Time Complexity: O( n * n)
Auxiliary Space: O( 1 )
Better Approach: An efficient approach will be to first sort the given array and print the product of first two numbers, sorting will take O(n log n). Answer will be then a[0] * a[1] .

C++

// C++ program to calculate minimum
// product of a pair
#include <bits/stdc++.h>
using namespace std;
 
// Function to calculate minimum product
// of pair
int printMinimumProduct(int arr[], int n)
{
    //Sort the array
    sort(arr,arr+n);
     
    // Returning the product of first two numbers
    return arr[0] * arr[1];
}
 
// Driver program to test above function
int main()
{
    int a[] = { 11, 8 , 5 , 7 , 5 , 100 };
    int n = sizeof(a) / sizeof(a[0]);
    cout << printMinimumProduct(a,n);
    return 0;
}
 
// This code is contributed by Pushpesh Raj

Output

Time Complexity: O( n * log(n))
Auxiliary Space: O( 1 )
Best Approach: The idea is linearly traverse given array and keep track of minimum two elements.
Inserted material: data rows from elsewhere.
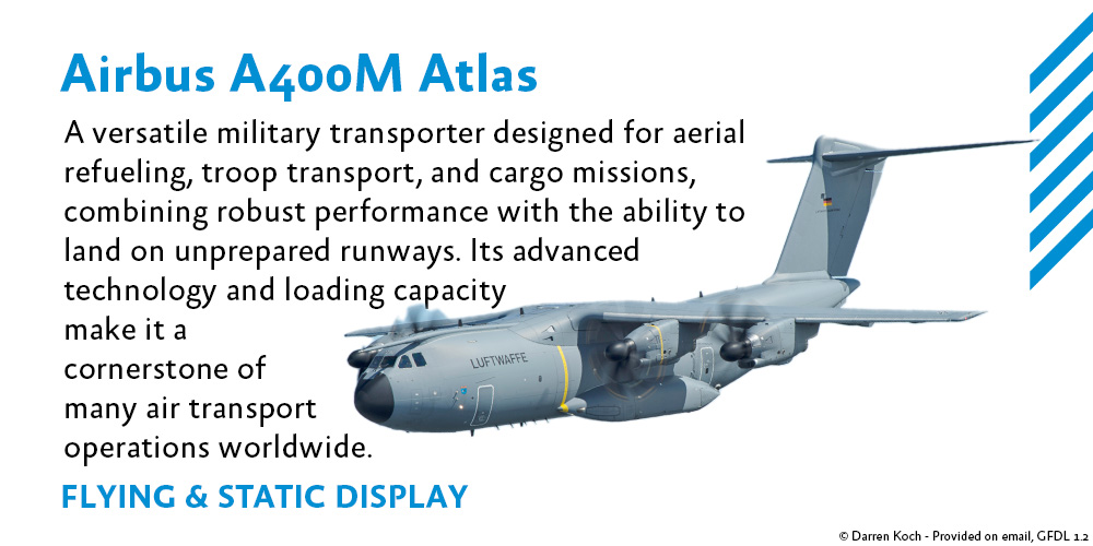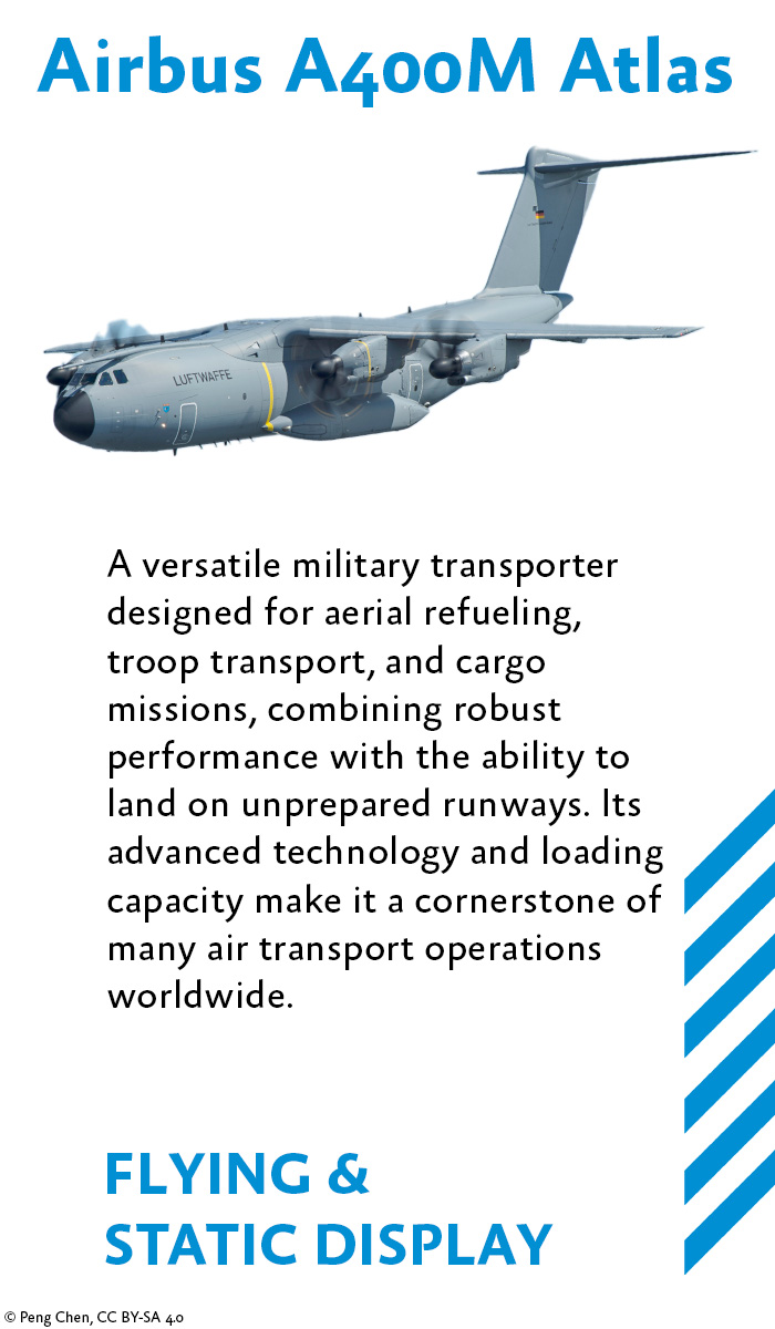 Unsere Flugvorführung ist ständig im Wandel, bereichert durch neue Teilnehmer und überraschende Darbietungen, die oft erst im letzten Moment bestätigt werden. Wenn nicht anders beschrieben, sind alle Displays an jedem Tag verfügbar. Besuchen Sie uns regelmäßig online, um die aktuellsten Informationen zu erhalten und sicherzustellen, dass Sie keines der atemberaubenden Highlights verpassen.
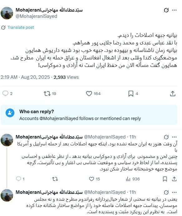 تسنیم/ سید عطاءالله مهاجرانی وزیر اسبق فرهنگ و ارشاد اسلامی، با انتشار یادداشتی در شبکه اجتماعی ایکس بیانیه اخیر جبهه اصلاحات را زمان ناشناسانه و بیهوده دانست.
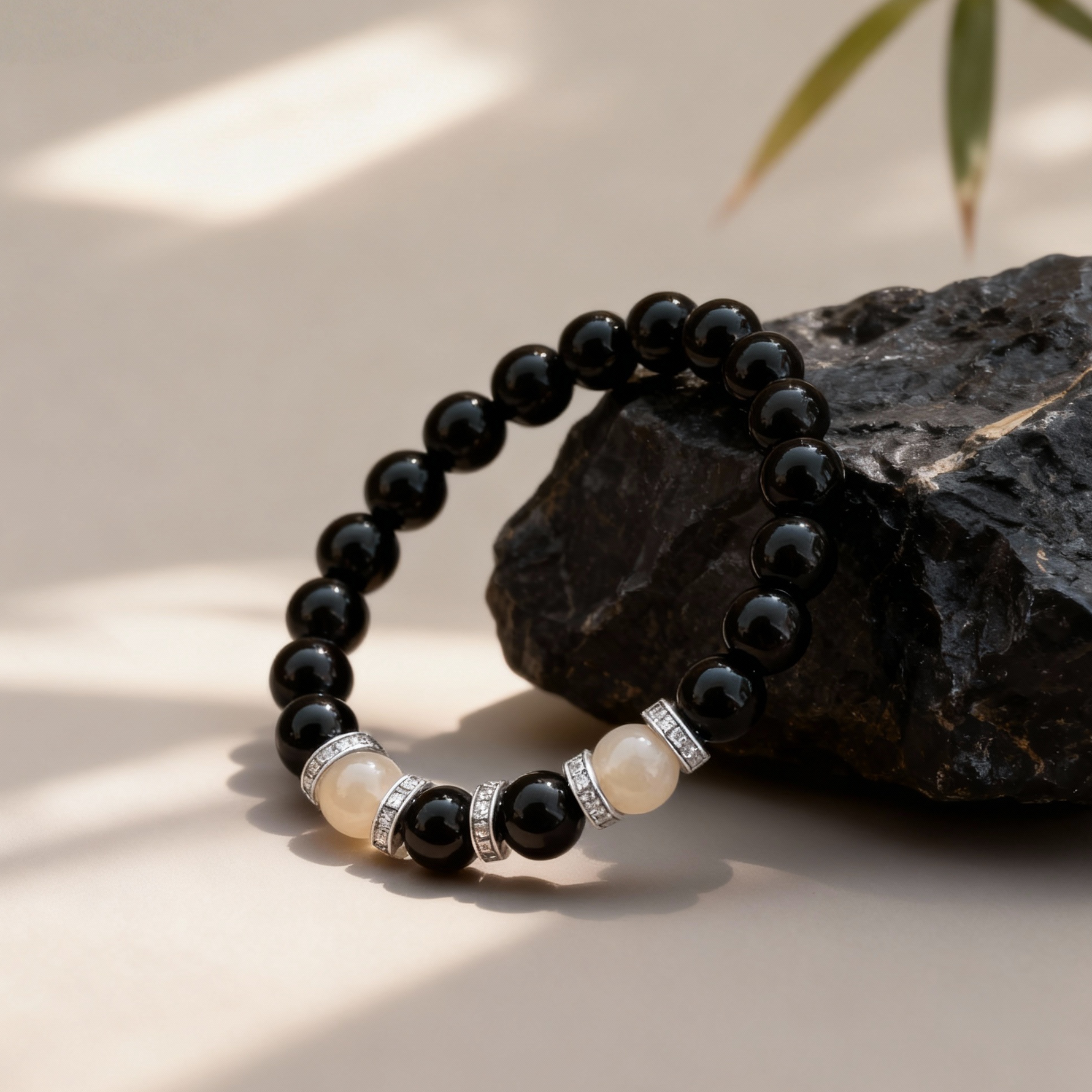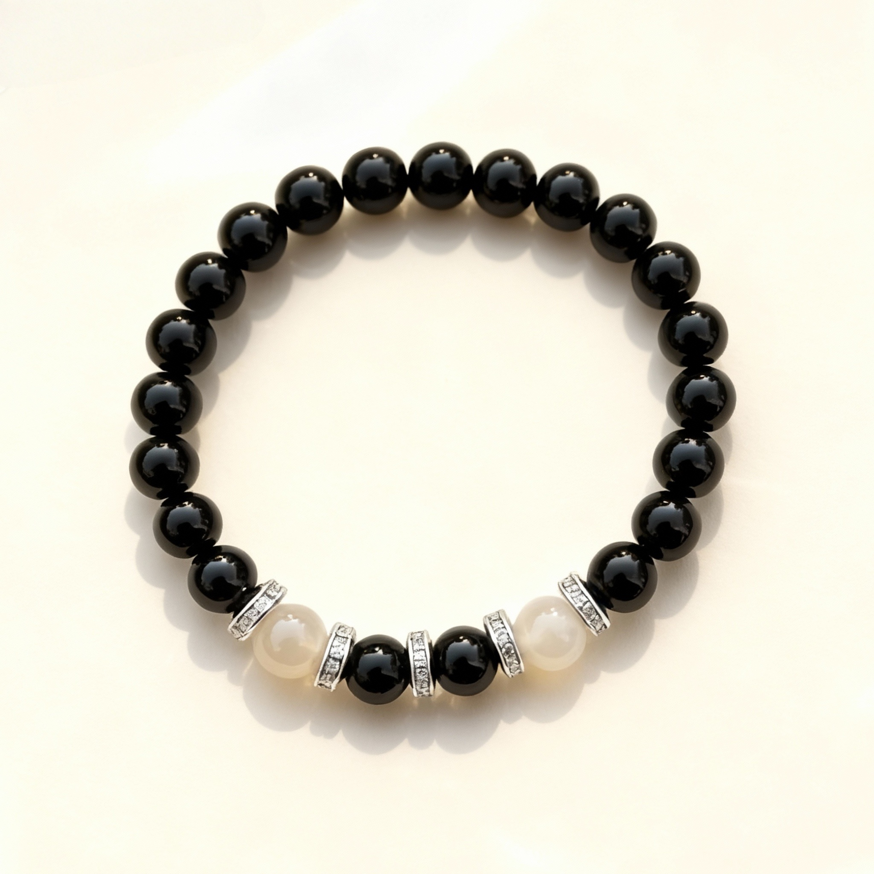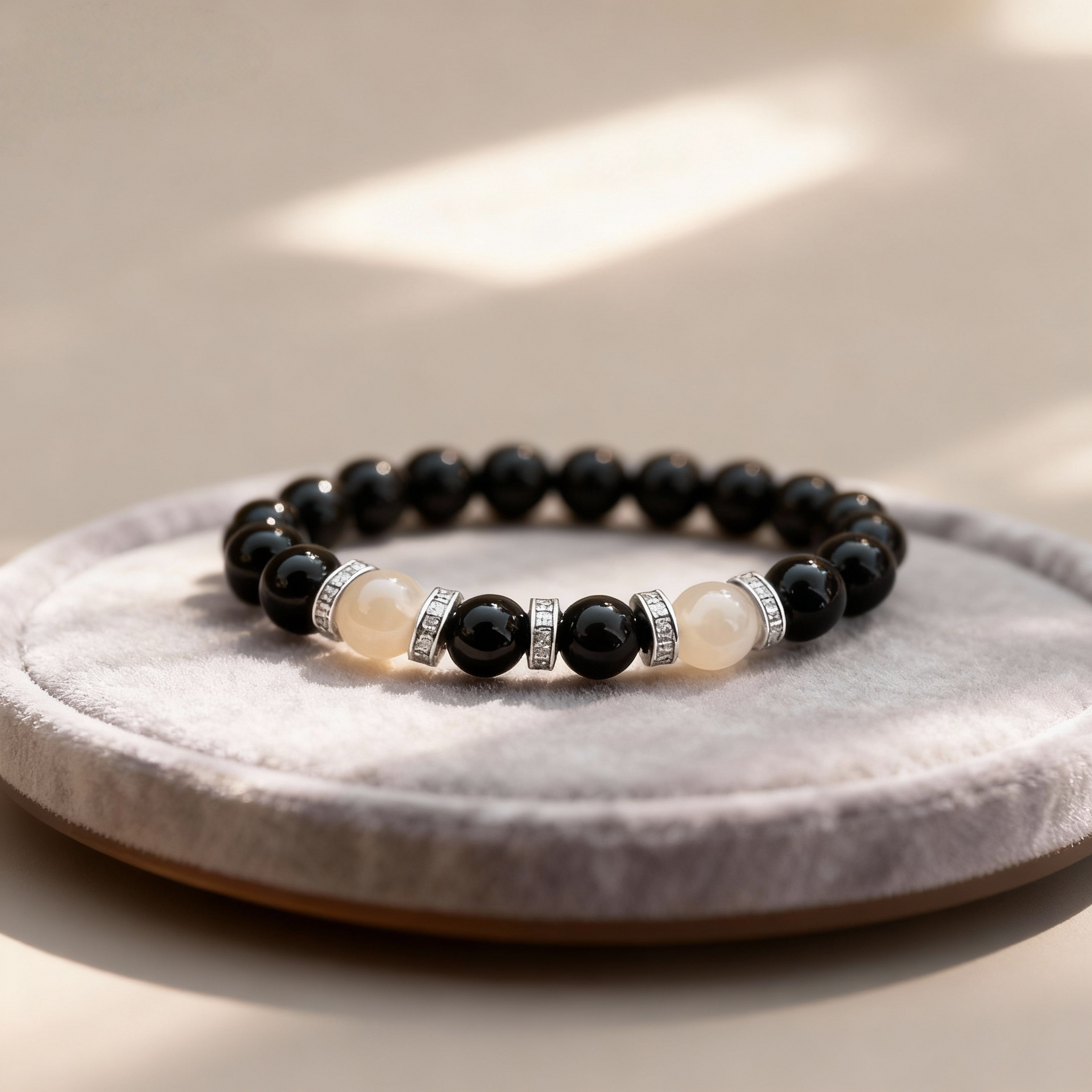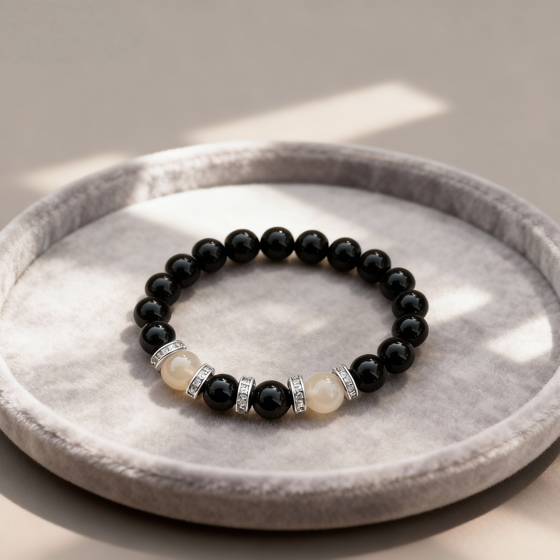 This bracelet is a masterclass in protection and balance. Obsidian deflects negativity and cleanses your energy field, while grey agate nurtures emotional stability and inner peace. The monochromatic black-and-grey palette is effortlessly chic, fitting into both casual and refined wardrobes. Whether you’re navigating a stressful day, seeking mental clarity, or aiming for a polished look, it empowers you with a sense of security, calm, and timeless style.
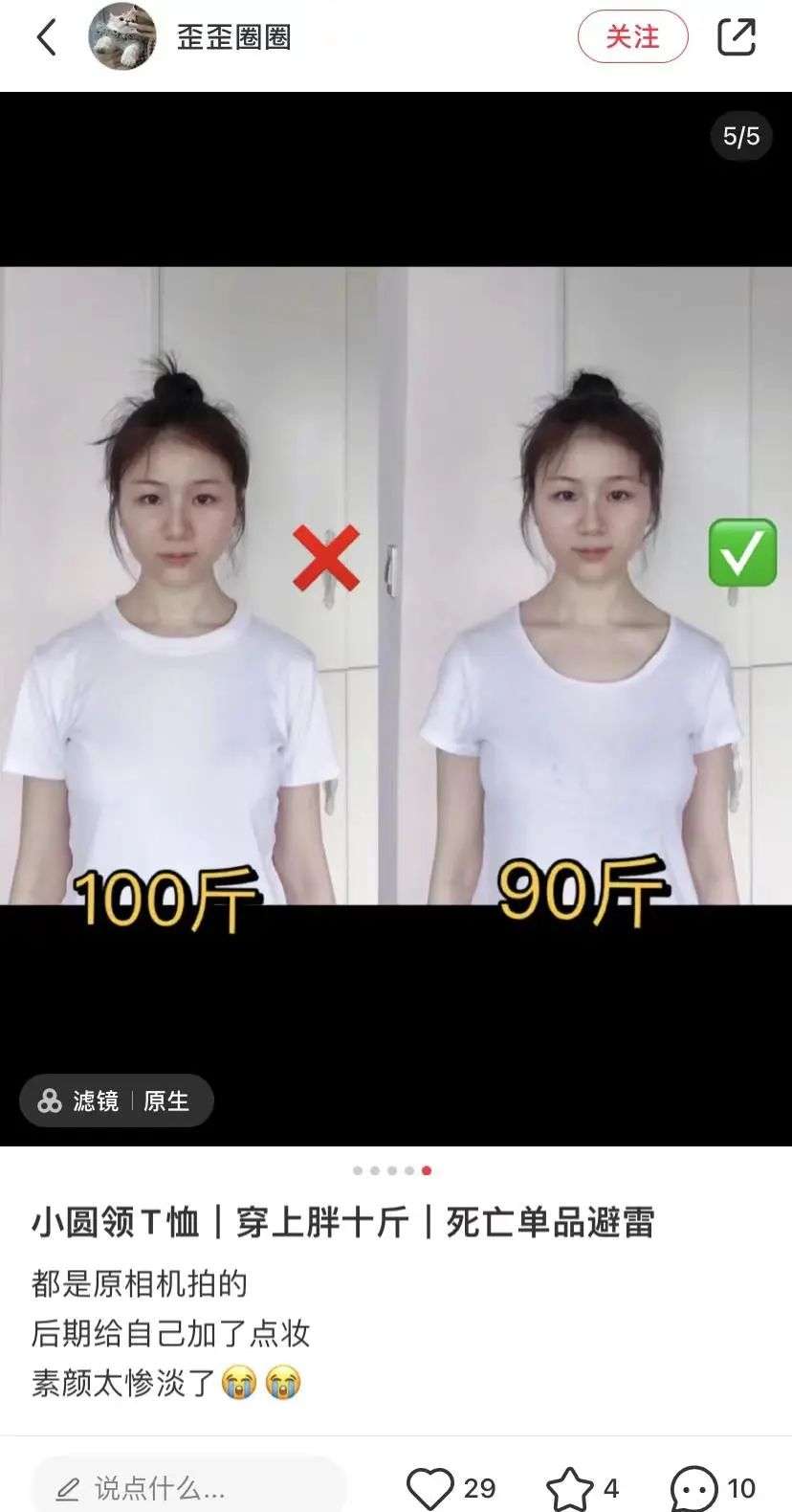 不过,对于肩膀略宽或者肩背相对不那么薄的人,小圆领就没有那么友好了,贴颈圆领简直是“显肿神器”,一穿上身视觉增重十斤。
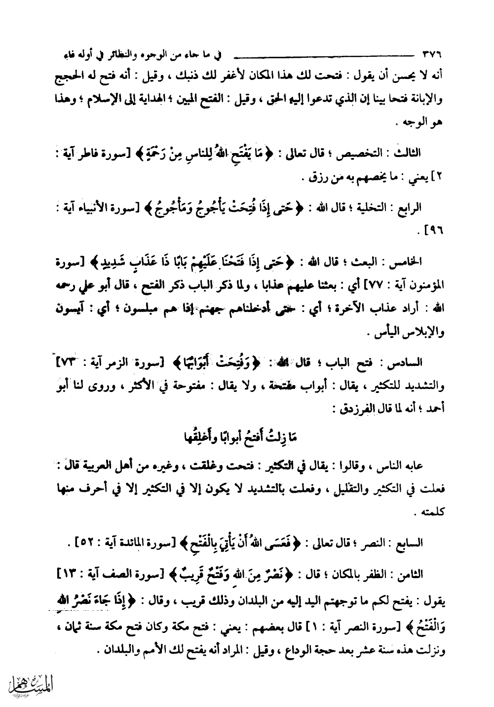 الثامن: الظفر بالمكان؛ قال: (نَصْرٌ مِنَ اللَّهِ وَفَتْحٌ قَرِيبٌ) يقول: يفتح لكم ما توجهتم اليد إليه من البلدان وذلك قريب، وقال: (إِذَا جَاءَ نَصْرُ اللَّهِ وَالْفَتْحُ) قال بعضهم؛ يعني: فتح مكة وكان فتح مكة سنة ثمان، ونزلت هذه سنة عشر بعد حجة الوداع، وقيل: المراد أنه يفتح لك الأمم والبلدان.

Finally return product of two minimum elements.
Below is the implementation of above approach.

C++

// C++ program to calculate minimum
// product of a pair
#include <bits/stdc++.h>
using namespace std;
 
// Function to calculate minimum product
// of pair
int printMinimumProduct(int arr[], int n)
{
    // Initialize first and second
    // minimums. It is assumed that the
    // array has at least two elements.
    int first_min = min(arr[0], arr[1]);
    int second_min = max(arr[0], arr[1]);
 
    // Traverse remaining array and keep
    // track of two minimum elements (Note
    // that the two minimum elements may
    // be same if minimum element appears
    // more than once)
    // more than once)
    for (int i=2; i<n; i++)
    {
       if (arr[i] < first_min)
       {
          second_min = first_min;
          first_min = arr[i];
       }
       else if (arr[i] < second_min)
          second_min = arr[i];
    }
 
    return first_min * second_min;
}
 
// Driver program to test above function
int main()
{
    int a[] = { 11, 8 , 5 , 7 , 5 , 100 };
    int n = sizeof(a) / sizeof(a[0]);
    cout << printMinimumProduct(a,n);
    return 0;
}